To summarise a complicated story about option accounting, Jupiter’s free cash flow should really be calculated after these EBT purchases.
In Jupiter’s case, the (non-cash) share-based charges are counterbalanced by the (cash) EBT expenditure, and so — with modest capex and working-capital movements to boot — earnings still appear underpinned by cash flow.
Note that the substantial size of Jupiter’s EBT contributions indicate the business is generous with its option plans.
This next chart confirms the EBT has done its job by keeping the share count unchanged:
Meanwhile, this chart shows Jupiter spending its free cash only on those EBT purchases and dividends:
And this chart shows Jupiter’s post-flotation debt being cleared with cash and investments then piling higher:
At the end of 2018, cash was £178m and investments — mostly in Jupiter’s own funds — came to £212m.
Note that £64m of the cash position represents Jupiter’s estimated regulatory capital and is therefore not ‘surplus to requirements’. In addition, £74m of Jupiter’s investments are actually owned by clients or carry a matching hedging liability.
As such, Jupiter arguably holds net cash and investments of £252m — approximately 15% of the current market cap.
Employees and pay
I am impressed with the level of revenue generated by Jupiter’s employees.
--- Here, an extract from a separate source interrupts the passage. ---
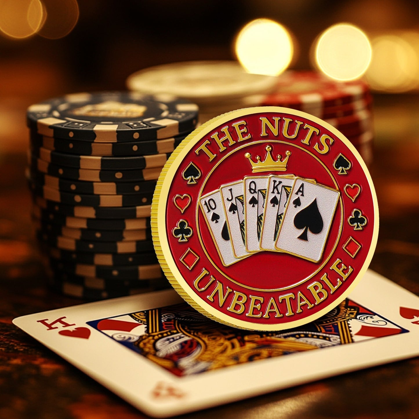 - The front of this funny coin features the phrase "THE NUTS UNBEATABLE" in bold golden lettering. Below this text is a classic royal flush (10♠, J♠, Q♠, K♠, A♠) arranged in a fan shape. The royal flush is surrounded by ornate golden details, with the addition of a golden crown sitting proudly above the hand, emphasizing its unbeatable nature. The rich red and black background further enhances the card design, making it pop with a classic casino-style aesthetic.
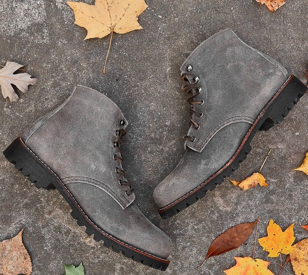 Handmade Men's Gray Suede Lace Up Derby Ankle Boots

The chart below shows each staff member producing average sales of almost £900k:
SharePad rates Jupiter third in the sector on revenue per employee:
The downside to the impressive employee productivity is the associated expense. Each staff member costs a mighty £251k average a year.
I reckon employee costs as a proportion of all costs have risen from 40% to 50% since the flotation:
My chart below shows the remuneration of Jupiter’s chief executive:
The boss enjoys a £1 million-plus annual bonus every year, regardless of whether earnings rise or fall.
At least Jupiter’s vice chairman — who led the management buyout — ought to fight for shareholders within the boardroom. He holds shares worth £36m:
I should add the vice chairman works only a three-day week.
Valuation and summary
Jupiter has been refreshingly straightforward to analyse.
The accounts are free of complications while the operating margin, ROE and other ratios are signalling investment ‘quality’. The regular special dividends are very positive, too.
Mind you, fee rates have declined and employment costs have risen. I see both trends continuing, which one day may permanently squeeze Jupiter’s immense profitability.
Those 15 months of outflows are concerning, too. From what I can tell, Jupiter’s largest funds do not collectively boast a sensational investment performance. Some customers have already decided better returns lie elsewhere.
A lot therefore rests on the talents of Mr Darwall, Mr Whitmore, Mr Chatfeild-Roberts and Jupiter’s other managers. A good run of form from the large funds should attract new money, generate extra fees and alleviate any growth worries.
In the meantime, Jupiter’s shares trade at a near-low P/E and a near-high yield:
Assuming a huge bear market is not imminent, Jupiter’s useful dividend looks safe to me. I could understand if fans of the fund-management sector — or indeed fans of Jupiter’s funds — wanted to look closer at the company.
Until next time, I wish you happy and profitable investing with SharePad.
Maynard Paton
Disclosure: Maynard does not own shares in Jupiter Fund Management.